• What the task requires
Two lines in the listing below mark the span: one contains "夏季镂空网纱短靴女靴子新款凉鞋网面靴女鞋春秋低跟粗跟透气凉靴" and one contains "Logo depois, um". Reproduce both of them and everything between, exactly.

• Material to process
------------

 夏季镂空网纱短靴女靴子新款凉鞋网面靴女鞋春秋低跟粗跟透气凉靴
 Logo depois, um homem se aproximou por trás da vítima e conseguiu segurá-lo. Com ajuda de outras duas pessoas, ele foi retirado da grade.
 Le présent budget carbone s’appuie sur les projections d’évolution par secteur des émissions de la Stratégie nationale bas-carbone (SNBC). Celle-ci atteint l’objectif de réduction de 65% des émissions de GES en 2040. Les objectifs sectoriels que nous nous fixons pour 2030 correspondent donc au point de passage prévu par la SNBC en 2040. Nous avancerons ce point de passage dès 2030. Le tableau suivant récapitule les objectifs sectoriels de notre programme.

------------

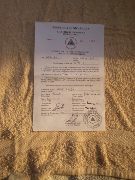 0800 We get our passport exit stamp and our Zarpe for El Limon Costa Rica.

------------

• Answer to this problem
 夏季镂空网纱短靴女靴子新款凉鞋网面靴女鞋春秋低跟粗跟透气凉靴
 Logo depois, um homem se aproximou por trás da vítima e conseguiu segurá-lo. Com ajuda de outras duas pessoas, ele foi retirado da grade.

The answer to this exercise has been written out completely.